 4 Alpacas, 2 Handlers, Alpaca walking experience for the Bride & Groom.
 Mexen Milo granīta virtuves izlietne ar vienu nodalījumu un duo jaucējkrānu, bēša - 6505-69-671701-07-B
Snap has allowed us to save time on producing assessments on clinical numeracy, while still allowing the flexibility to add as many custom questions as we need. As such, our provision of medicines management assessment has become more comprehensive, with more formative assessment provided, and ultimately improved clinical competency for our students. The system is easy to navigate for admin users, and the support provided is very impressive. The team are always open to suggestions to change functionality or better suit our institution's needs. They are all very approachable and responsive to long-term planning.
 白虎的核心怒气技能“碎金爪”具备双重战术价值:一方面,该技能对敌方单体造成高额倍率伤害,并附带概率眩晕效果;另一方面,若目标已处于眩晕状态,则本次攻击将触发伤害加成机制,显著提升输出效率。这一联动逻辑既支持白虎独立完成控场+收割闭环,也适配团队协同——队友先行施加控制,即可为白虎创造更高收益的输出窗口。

-*-*-

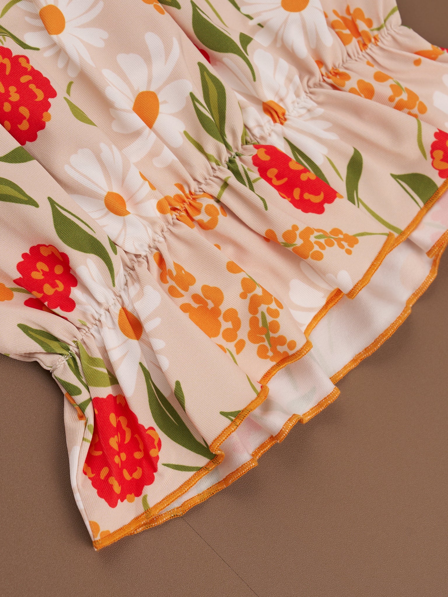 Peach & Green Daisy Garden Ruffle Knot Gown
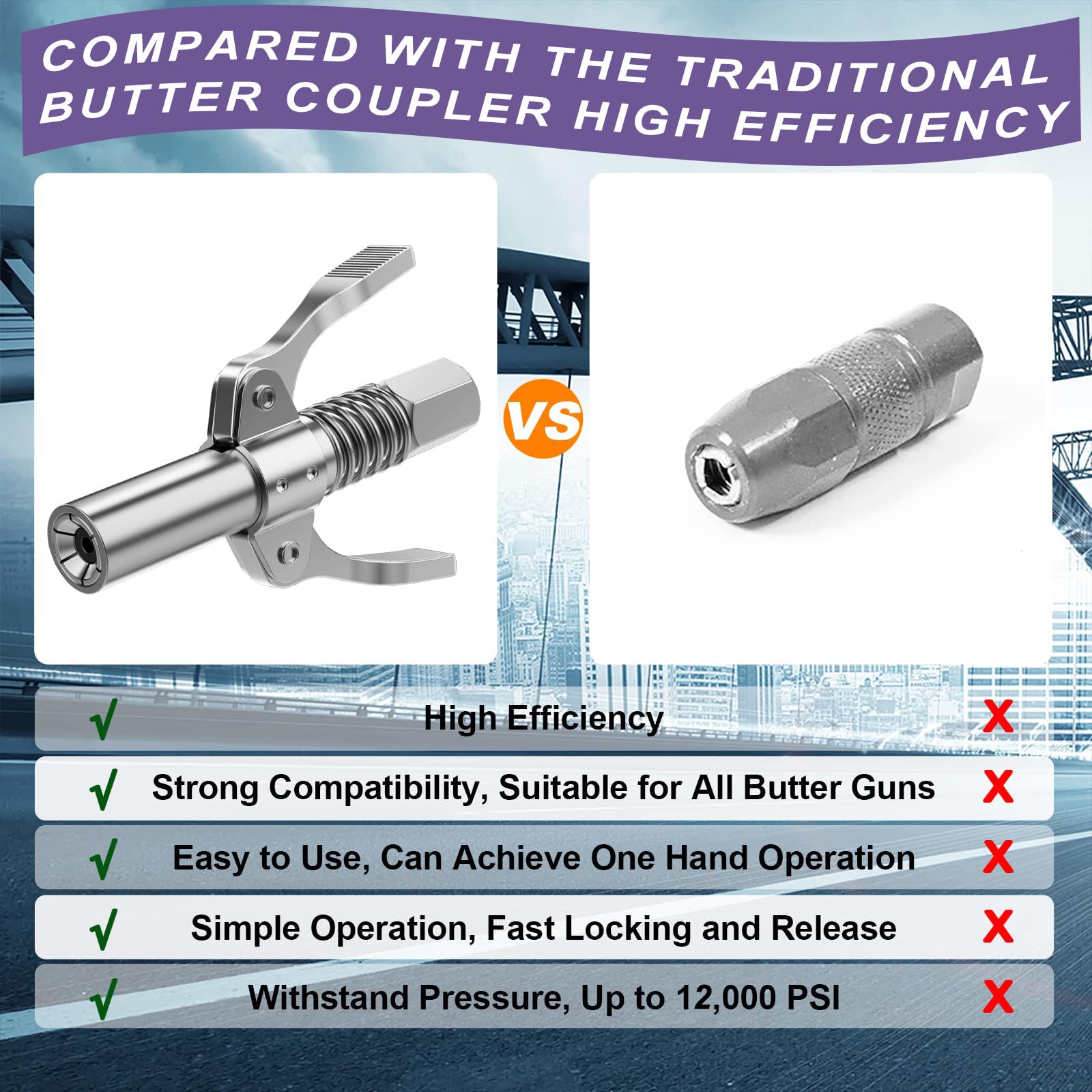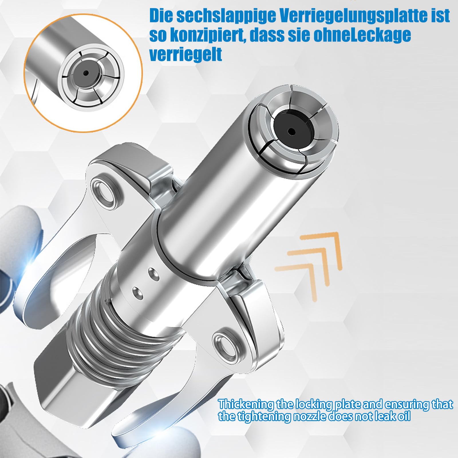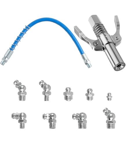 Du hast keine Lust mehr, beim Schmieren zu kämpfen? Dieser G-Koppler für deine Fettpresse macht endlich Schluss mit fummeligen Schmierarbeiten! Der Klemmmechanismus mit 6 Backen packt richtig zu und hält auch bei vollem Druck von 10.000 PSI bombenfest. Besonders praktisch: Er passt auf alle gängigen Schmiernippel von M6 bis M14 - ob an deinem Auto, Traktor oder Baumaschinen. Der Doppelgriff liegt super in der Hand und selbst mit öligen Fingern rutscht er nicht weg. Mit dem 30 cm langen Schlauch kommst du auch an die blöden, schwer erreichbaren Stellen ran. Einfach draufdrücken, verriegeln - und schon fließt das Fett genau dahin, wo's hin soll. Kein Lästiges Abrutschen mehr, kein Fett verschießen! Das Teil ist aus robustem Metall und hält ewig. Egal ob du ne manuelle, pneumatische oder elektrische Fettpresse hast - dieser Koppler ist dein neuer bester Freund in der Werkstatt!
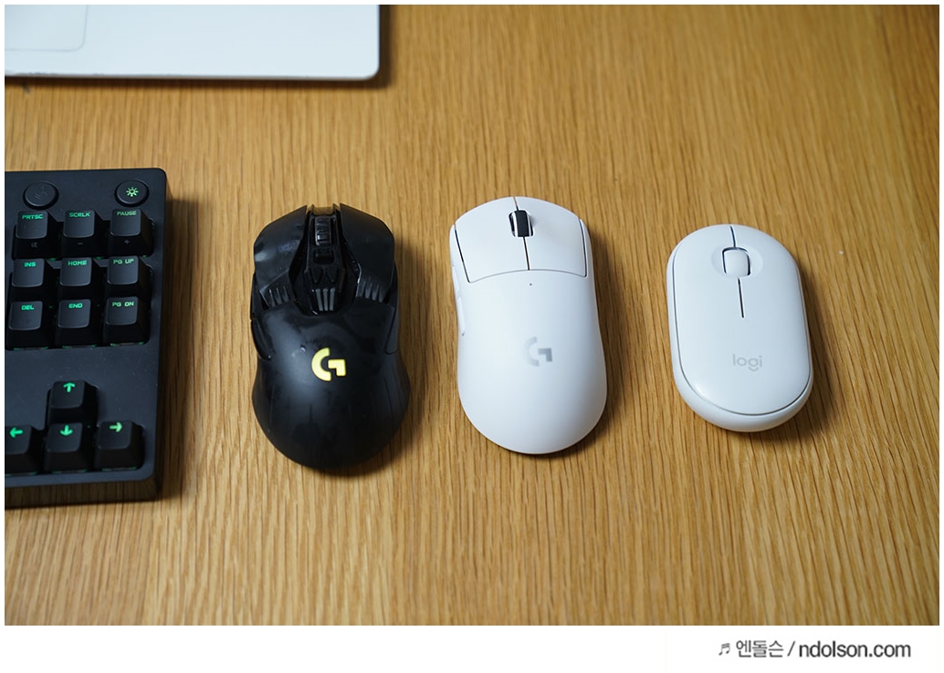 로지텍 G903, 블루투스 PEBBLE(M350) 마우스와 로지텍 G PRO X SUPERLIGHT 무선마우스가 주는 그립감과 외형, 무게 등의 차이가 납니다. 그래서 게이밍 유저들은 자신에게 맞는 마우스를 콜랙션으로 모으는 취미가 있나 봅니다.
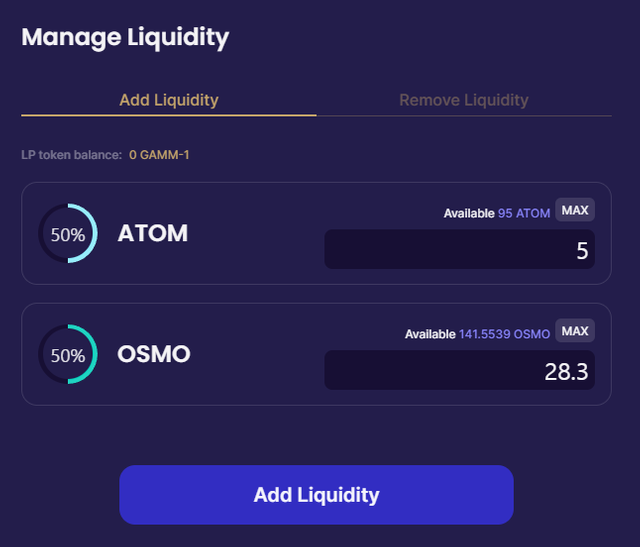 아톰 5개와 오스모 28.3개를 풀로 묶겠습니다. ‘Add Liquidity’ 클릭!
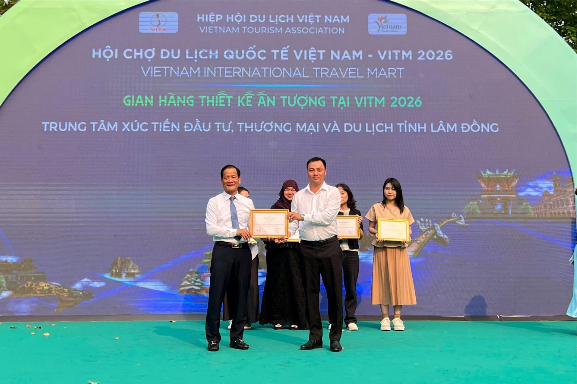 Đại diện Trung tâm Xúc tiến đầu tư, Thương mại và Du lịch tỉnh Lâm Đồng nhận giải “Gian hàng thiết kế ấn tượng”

-*-*-

Exercise directions: Above are some lines. Repeat exactly, and only, those from the line that has "4 Alpacas, 2" through the line that has "Snap has allowed".

Written answer:
 4 Alpacas, 2 Handlers, Alpaca walking experience for the Bride & Groom.
 Mexen Milo granīta virtuves izlietne ar vienu nodalījumu un duo jaucējkrānu, bēša - 6505-69-671701-07-B
Snap has allowed us to save time on producing assessments on clinical numeracy, while still allowing the flexibility to add as many custom questions as we need. As such, our provision of medicines management assessment has become more comprehensive, with more formative assessment provided, and ultimately improved clinical competency for our students. The system is easy to navigate for admin users, and the support provided is very impressive. The team are always open to suggestions to change functionality or better suit our institution's needs. They are all very approachable and responsive to long-term planning.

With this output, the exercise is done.